By separating the therapeutic benefits from the adverse effects of known obesity drugs, researchers at the Monell Chemical Senses Center found a population of neurons in the brain that controls food intake without causing nausea in animal models. The study, published in the journal Nature, describes two distinct neural circuits that control different effects of the same drug. The drugs studied are among the most effective weight loss drugs known as long-acting agonists of the glucagon-like peptide 1 receptor (GLP1R), which trigger neurochemical responses via receptors expressed in the body.

Neurons that Mediate Satiety and Nausea Act Differently

One of the most effective and popular GLP1-based drugs – called semaglutide and marketed as Ozempic® and Wegovy® – achieved impressive weight loss results in clinical trials. Obesity is a worldwide problem, with more and more people struggling with excess weight. One of the obstacles to treating obesity with medication is side effects such as nausea and vomiting, according to the study’s lead author, Amber L. Alhadeff, PhD, Monell Assistant Member. The researchers did not have a good idea of whether these unpleasant side effects were related to or necessary for weight loss.

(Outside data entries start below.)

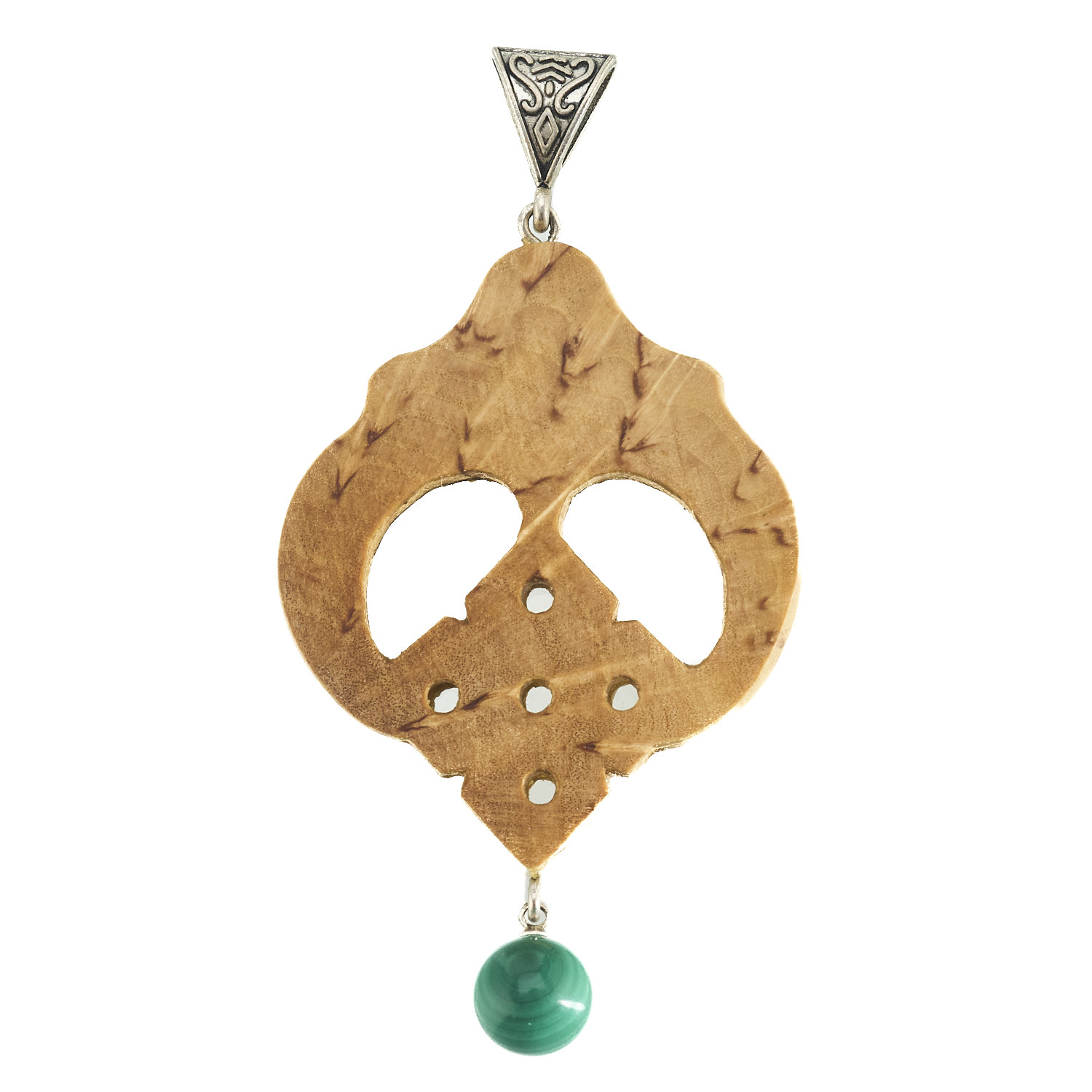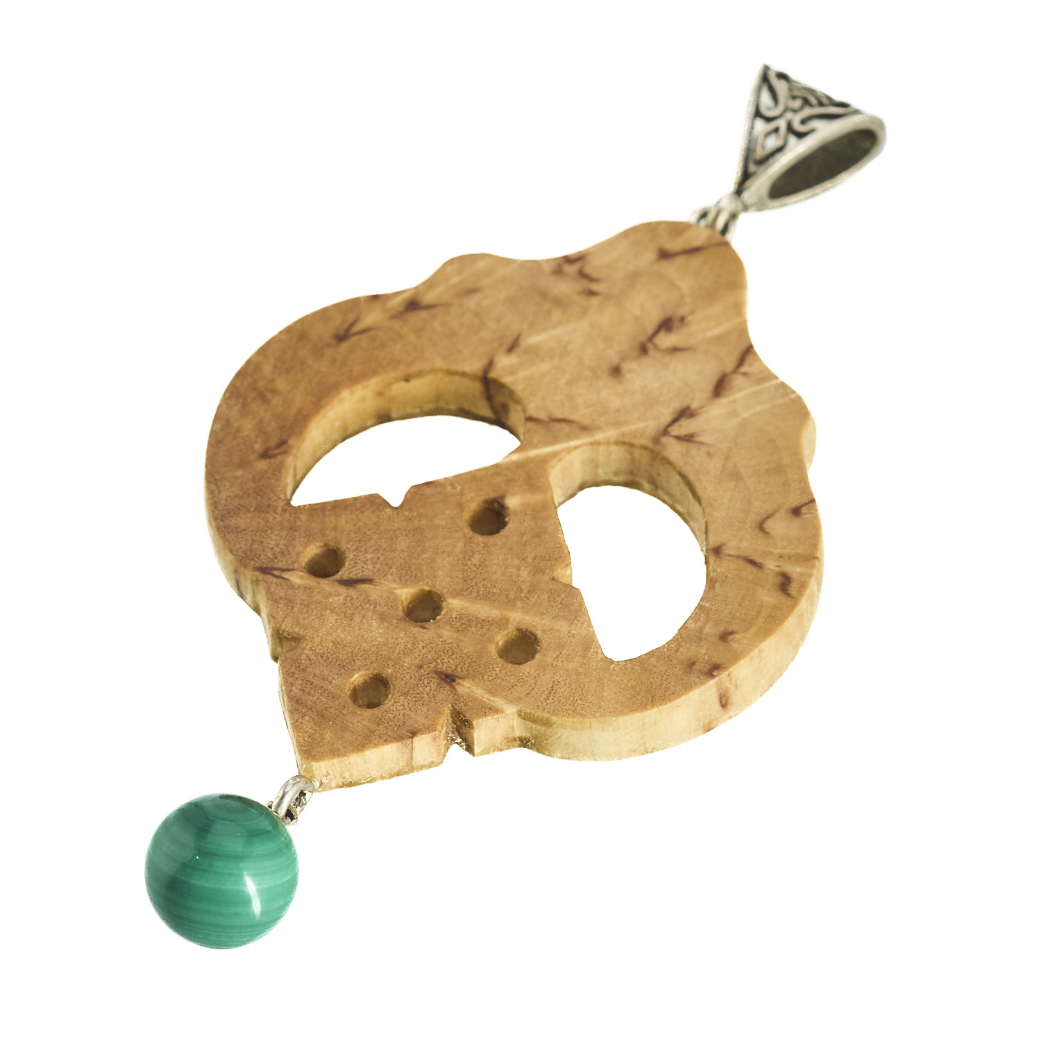 Подвеска-амулет из карельской березы и малахита
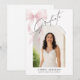 Share your graduate’s exciting milestone with this elegant, modern announcement featuring watercolor pink ribbon illustration, elegant script lettering, and a full‑photo layout that highlights the graduate. The back is left blank for a sleek, uncluttered finish or optional handwritten notes. A beautiful choice for celebrating with simplicity and class.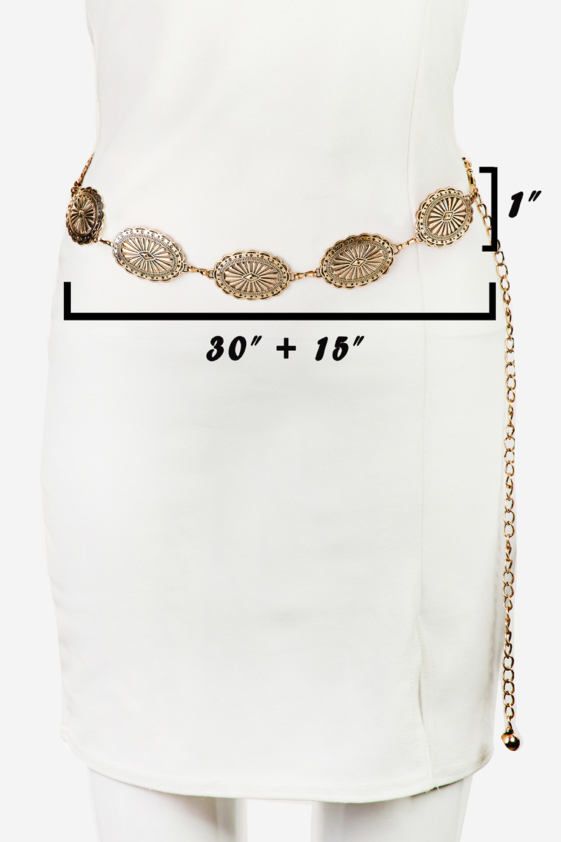 - This belt displays a vibrant oval concho disc chain link style. Celebrate the art of accessorizing with this piece that effortlessly encapsulates modern trends.

To find out, the Monell team examined the circuits in the brain that link the feeling of fullness after eating a meal to the circuits that cause food avoidance due to nausea. They found that neurons in the hindbrain mediate both effects of these anti-obesity drugs and, surprisingly, also discovered that the individual neurons that mediate satiety and nausea are different.

Neuron Population in the Nucleus Tractus Solitarius As a Target for Future Obesity Drugs

Two-photon imaging of GLP1R neurons in the hindbrain of living mice showed that most individual neurons are tuned to respond to either nutritive or aversive stimuli, but not to both. In addition, the study found that GLP1R neurons in one part of the hindbrain, called the area postrema, are more responsive to aversive stimuli, while GLP1R neurons in another area, the nucleus tractus solitarius, are more responsive to nutritive stimuli.

Next, the team manipulated the two groups of GLP1R neurons separately to understand their effects on behavior. They found that activation of neurons in the nucleus tractus solitarius elicited satiety without aversion behavior, while activation of neurons in the area postrema elicited a strong aversion response. Importantly, the anti-obesity drugs reduced food intake even when the aversion pathway was inhibited.

These surprising results suggest that the population of neurons in the nucleus tractus solitarius (brain region responsible for taste perception) could be a target for future obesity drugs to reduce food intake without making people feel sick. Developing experimental obesity drugs that selectively activate this population could promote weight loss while avoiding aversive side effects. In fact, according to the authors, the concept of separating therapeutic and side effects at the neural circuit level could theoretically be applied to any drug with side effects.